Bravo-Salva A, Argudo-Aguirre N, González-Castillo A M, Membrilla-Fernandez E, Sancho-Insenser J J, Grande-Posa L, Pera-Román M, Pereira-Rodríguez J A
Servicio de Cirugía General Y del Aparato Digestivo, Parc de Salut Mar, Hospital del Mar, P. Marítim 23-25, 08003, Barcelona, Spain.
Departament de Ciències, Experimentals I de La Salut, Universitat Pompeu Fabra, Dr. Aiguader 88, 08003, Barcelona, Spain.
BMC Surg. 2021 May 18;21(1):243. doi: 10.1186/s12893-021-01243-x.
Prevention of incisional hernias with a prophylactic mesh in emergency surgery is controversial. The present study aimed to analyze the long-term results of prophylactic mesh used for preventing incisional hernia after emergency midline laparotomies.
This study was a registered (NCT04578561) retrospective analysis of patients who underwent an emergency midline laparotomy between January 2009 and July 2010 with a follow-up period of longer than 2 years. Long-term outcomes and risk factors for the development of incisional hernias between patients who received a prophylactic reinforcement mesh (Group M) and suture (Group S) were compared.

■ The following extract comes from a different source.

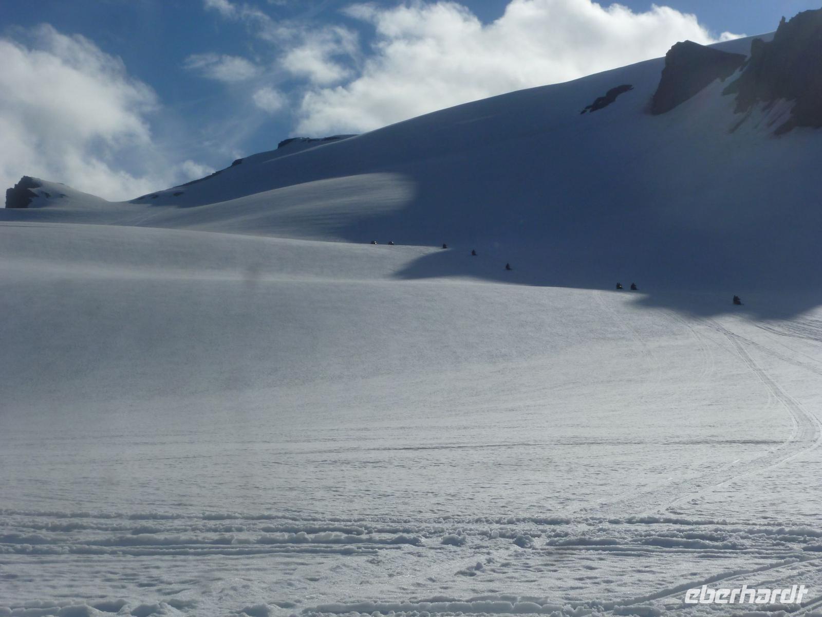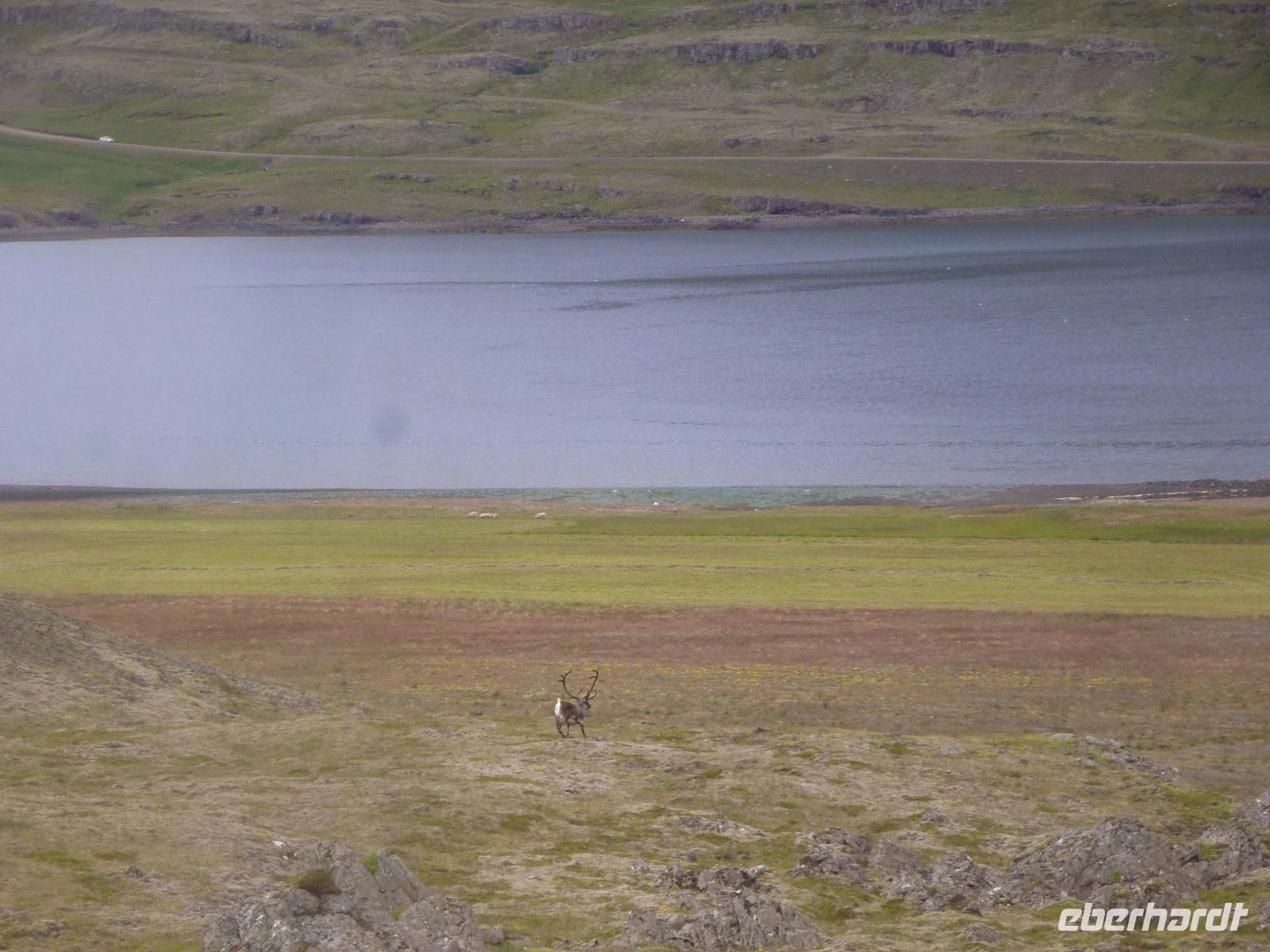 Die Fahrt entlang der Ostfjorde bot wieder ein ganz anderes Naturschauspiel, als das bereits Gesehene. Wir begannen den Tag mit dem Besuch in Petras Steinhaus. Die zwischenzeitlich verstorbene Dame hat ihr Leben dem Sammeln von Dingen, dabei überwiegend Steinen, gewidmet. Nun kann man sich diese umfangreicher Sammlung isländischer Steinformationen in Ihrem Wohnhaus ansehen. Während der Weiterfahrt unterhielt uns Reiseleiter Ulrik wieder mit mystischen Sagen und gruseligen Trollmärchen. Dabei schauten wir gedankenverloren aus dem Fenster und liesen unsere Blicke über die gewaltigen Fjorde streifen. Und plötzlich entdeckten wir auf einer Anhöhe ein prächtiges Rentier mit großem Geweih. Natürlich wurde sofort an geeigneter Stelle gestoppt, um das Tier zu bewundern. Am Nachmittag erreichten wir unser schönes Hotel in Höfn. Einige Gäste hatten sich heute noch für eine Schneemobilfahrt auf den größten Gletscher Europas entschieden. Mit dem Jeep fuhren wir 1 Stunde bis auf den Gletscher, um dann in strahlendem Sonnenschein mit den Motorschlitten über das Eis zu sausen. Ein unvergessliches Erlebnis.

From an initial 266 emergency midline laparotomies, 187 patients were included. The median follow-up time was 64.4 months (SD 35). Both groups had similar characteristics, except for a higher rate of previous operations (62 vs. 43.2%; P = 0.01) and operation due to a revision laparotomy (32.5 vs.13%; P = 0.02) in the M group. During follow-up, 29.9% of patients developed an incisional hernia (Group S 36.6% vs. Group M 14.3%; P = 0.002). Chronic mesh infections were diagnosed in 2 patients, but no mesh explants were needed, and no patient in the M group developed chronic pain. Long-term risk factors for incisional hernia were as follows: smoking (HR = 2.47; 95% CI 1.318-4.624; P = 0.05), contaminated surgery (HR = 2.98; 95% CI 1.142-7.8; P = 0.02), surgical site infection (SSI; HR = 3.83; 95% CI 1.86-7.86; P = 0.001), and no use of prophylactic mesh (HR = 5.09; 95% CI 2.1-12.2; P = 0.001).
Incidence of incisional hernias after emergency midline laparotomies is high and increases with time. High-risk patients, contaminated surgery, and surgical site infection (SSI) benefit from mesh reinforcement. Prophylactic mesh use is safe and feasible in emergencies with a low long-term complication rate.
NCT04578561. www.clinicaltrials.gov.
在急诊手术中使用预防性补片预防切口疝存在争议。本研究旨在分析预防性补片用于预防急诊正中剖腹术后切口疝的长期效果。
本研究是一项注册研究(NCT04578561),对2009年1月至2010年7月期间接受急诊正中剖腹术且随访时间超过2年的患者进行回顾性分析。比较接受预防性加强补片(M组)和缝合(S组)的患者之间切口疝发生的长期结局和危险因素。
最初的266例急诊正中剖腹术患者中,187例被纳入研究。中位随访时间为64.4个月(标准差35)。除M组既往手术率较高(62%对43.2%;P = 0.01)和因剖腹术翻修手术率较高(32.5%对13%;P = 0.02)外,两组具有相似特征。随访期间,29.9%的患者发生了切口疝(S组36.6%对M组14.3%;P = 0.002)。2例患者被诊断为慢性补片感染,但无需取出补片,且M组无患者发生慢性疼痛。切口疝的长期危险因素如下:吸烟(HR = 2.47;95%CI 1.318 - 4.624;P = 0.05)、污染手术(HR = 2.98;95%CI 1.142 - 7.8;P = 0.02)、手术部位感染(SSI;HR = 3.83;95%CI 1.86 - 7.86;P = 0.001)以及未使用预防性补片(HR = 5.09;95%CI 2.1 - 12.2;P = 0.001)。
急诊正中剖腹术后切口疝的发生率较高且随时间增加。高危患者、污染手术和手术部位感染(SSI)从补片加强中获益。在急诊中使用预防性补片是安全可行的,长期并发症发生率较低。
NCT04578561。www.clinicaltrials.gov。